Эдам опять повесил голову и закрыл лицо руками. Сдавленным голосом он произнес:
— Я ему ничего не говорил.
— Он до сих пор даже ничего не знает? Эдам, ты должен ему позвонить! Позвони и объясни, что ты наделал. Ты ведь рассказал мистеру Квоту абсолютно все, правда? Ты просто… просто обязан сказать Джоджо, предупредить его.
Все еще закрывая лицо руками, Эдам застонал.
— О, черт… черт… твою мать… Джоджо… Я был уверен, что мистер Квот поймет меня и прекратит на нас наезжать. Я думал, что делаю Джоджо одолжение.
— Но ты почему-то не рассказал ему о своем плане, не предупредил заранее.
Эдам покачал головой и, все так же закрывая руками лицо, заныл:
— О, черт… черт… мать его… Ну как я теперь ему скажу? Он же убьет меня. Ему же конец, этому тупому верзиле. Даже если его не отчислят из университета, ему… ему все равно конец… — Новые стоны. — Ему же придется пропустить целый сезон, а если он не будет играть в этом сезоне из-за того, что его уличили в жульничестве, — уже не важно, что он будет делать на старшем курсе. Его спортивной карьере конец. Он меня убьет, просто убьет. — Стоны… жалкие стоны.

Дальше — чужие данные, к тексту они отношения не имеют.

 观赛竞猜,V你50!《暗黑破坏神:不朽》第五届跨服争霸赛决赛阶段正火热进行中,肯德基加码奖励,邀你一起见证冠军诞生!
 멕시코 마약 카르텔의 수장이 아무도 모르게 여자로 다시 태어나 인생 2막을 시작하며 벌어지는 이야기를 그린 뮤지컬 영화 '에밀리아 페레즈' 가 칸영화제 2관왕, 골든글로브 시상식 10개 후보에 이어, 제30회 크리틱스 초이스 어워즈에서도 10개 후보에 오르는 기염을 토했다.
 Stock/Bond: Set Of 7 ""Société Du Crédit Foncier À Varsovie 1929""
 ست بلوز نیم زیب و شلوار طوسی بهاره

Шарлотте стало ясно, что Эдам вот-вот разрыдается. Как он поведет себя после этого, девушка предсказать не могла, но боялась, что он совсем потеряет над собой контроль. Шарлотта встала со стула, подошла вплотную к кровати и встала над Эдамом. Она положила руку ему на плечо и наклонилась, так что теперь их лица разделяли какие-то шесть дюймов, что было довольно опасным уровнем. Самым мягким и нежным тоном, на который она только была способна, Шарлотта сказала:
— Джоджо тебя не убьет. Он тебя поймет. Ты объясни ему, как было дело, и он во всем разберется. Ясно же, что ты хотел сделать как лучше, что ты пытался не только сам выкрутиться, но и ему помочь. Ты думал, что твой вариант сработает — но не получилось. Уверяю, Джоджо тебя поймет.
Эдам судорожно затряс головой, сопровождая это движение таким взрывом стонов, что Шарлотте вдруг пришло в голову: а так ли все просто? Да задумывался ли Эдам вообще о судьбе Джоджо, когда шел к этому Квоту?

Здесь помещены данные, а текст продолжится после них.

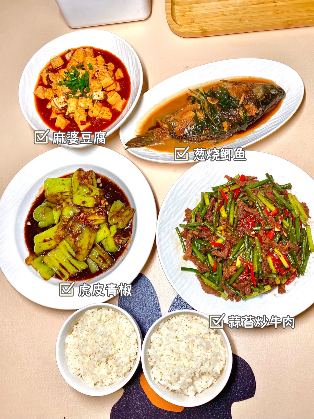 4⃣️麻婆豆腐、葱烧鲫鱼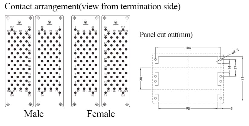 HEEE-128-MC/FC Crimp termination Connector 16A 500V 128+PE
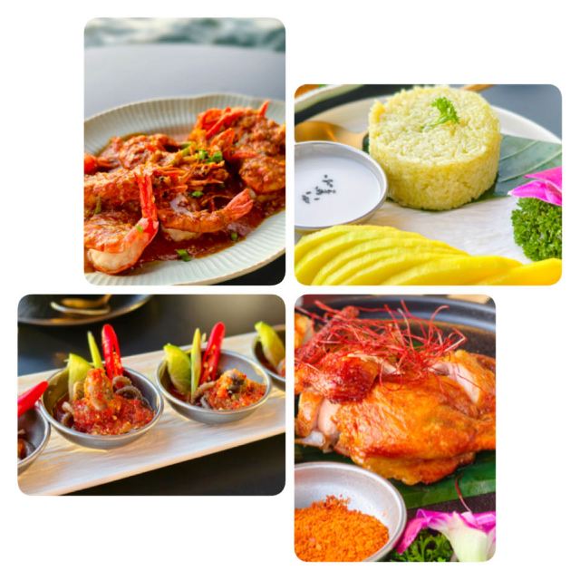 香茅古法烤鸡半只,柠檬蒜香胡椒虾,酸辣鸡爪,虎掌菌烤猪颈肉,香茅豆腐,西贡芒果纸米卷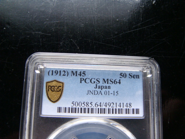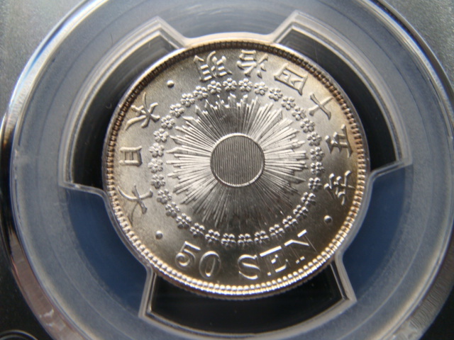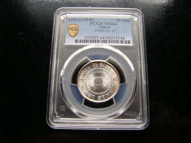 PCGSMS-64/旭日50銭銀貨/明治45年/1912年/未使用/良品です。画像を参照願います。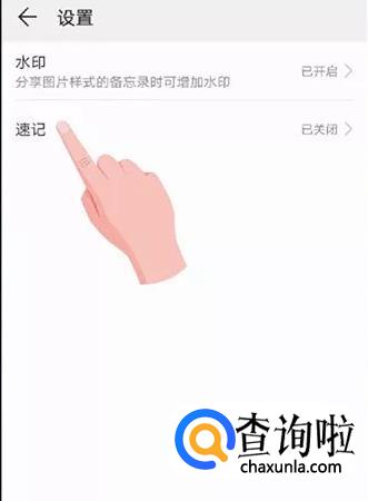 打开备忘录。选择左上角图标“☰”> 设置 > 速记,打开速记开关。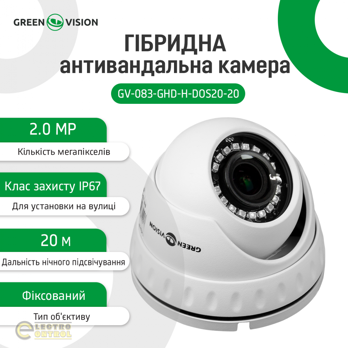 Гібридна антивандальна камера GV-083-GHD-H-DOS20-20 1080Р (Объектив 160°)

Эдам убрал руки от лица, но при этом опустил голову еще ниже и ссутулился так, что его спина теперь напоминала круто изогнутую арку. Глаза его были закрыты, а все тело била мелкая дрожь. Постепенно она стала более резкой и конвульсивной. Стало слышно, как стучат его зубы.

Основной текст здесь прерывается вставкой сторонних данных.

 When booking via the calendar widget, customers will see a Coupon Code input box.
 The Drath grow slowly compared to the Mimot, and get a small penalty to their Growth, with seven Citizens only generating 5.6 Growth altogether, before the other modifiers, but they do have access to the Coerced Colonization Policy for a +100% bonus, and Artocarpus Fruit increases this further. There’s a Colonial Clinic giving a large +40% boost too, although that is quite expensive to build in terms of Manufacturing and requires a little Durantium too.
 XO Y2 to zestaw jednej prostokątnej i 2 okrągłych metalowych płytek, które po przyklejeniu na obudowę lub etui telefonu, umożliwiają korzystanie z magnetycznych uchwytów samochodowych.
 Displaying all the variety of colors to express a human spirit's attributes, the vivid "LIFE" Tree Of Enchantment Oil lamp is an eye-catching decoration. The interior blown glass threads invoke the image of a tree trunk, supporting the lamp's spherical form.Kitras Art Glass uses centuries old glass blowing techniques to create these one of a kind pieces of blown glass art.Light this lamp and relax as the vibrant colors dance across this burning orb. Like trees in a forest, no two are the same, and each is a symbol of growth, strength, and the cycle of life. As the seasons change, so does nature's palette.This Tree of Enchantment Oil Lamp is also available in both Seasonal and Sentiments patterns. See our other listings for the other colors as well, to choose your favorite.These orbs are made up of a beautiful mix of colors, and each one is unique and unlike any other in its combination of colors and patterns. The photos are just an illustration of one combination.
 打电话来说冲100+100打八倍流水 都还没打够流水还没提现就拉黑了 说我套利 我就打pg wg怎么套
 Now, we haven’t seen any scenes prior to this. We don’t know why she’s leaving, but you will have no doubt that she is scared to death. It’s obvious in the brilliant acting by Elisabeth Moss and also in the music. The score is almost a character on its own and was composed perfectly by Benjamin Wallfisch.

— Шарлотта, обними меня, пожалуйста, — жалостливым голосом попросил Эдам. — Мне так холодно.
Девушка присела рядом на край кровати и обняла его за плечи. Интересно, о чем он теперь попросит? Но Эдам не смотрел ни на нее и ни на что вообще. Его ужасно трясло.
— Пожалуйста… принеси мне одеяло. Я замерз.
Шарлотта встала, пошла к двери, подобрала валявшееся на полу одеяло. Оно было какого-то болезненно-зеленого цвета. Материал, из которого одеяло было сделано, был настолько жесткий, настолько неестественно сухой, настолько дешево-синтетический и синтетически-неприятный на ощупь, что девушка даже вздрогнула, когда взяла его в руки. И все же она принесла одеяло Эдаму. Завернувшись в него, он стал похож на статую индейца — ту самую известную статую под названием «Конец тропы». Индеец верхом на коне стоял на краю пропасти, откуда дальше пути не было. Индейская цивилизация рухнула. Ее уничтожил белый человек. Эта скульптура, приведенная в учебнике по американской истории, всегда притягивала Шарлотту… и всегда заставляла ее испытывать горечь. Она закутала сгорбленные плечи Эдама в одеяло. Когда он попытался плотнее стянуть одеяло на груди, его рука коснулась руки Шарлотты. Она была холодная, как лед.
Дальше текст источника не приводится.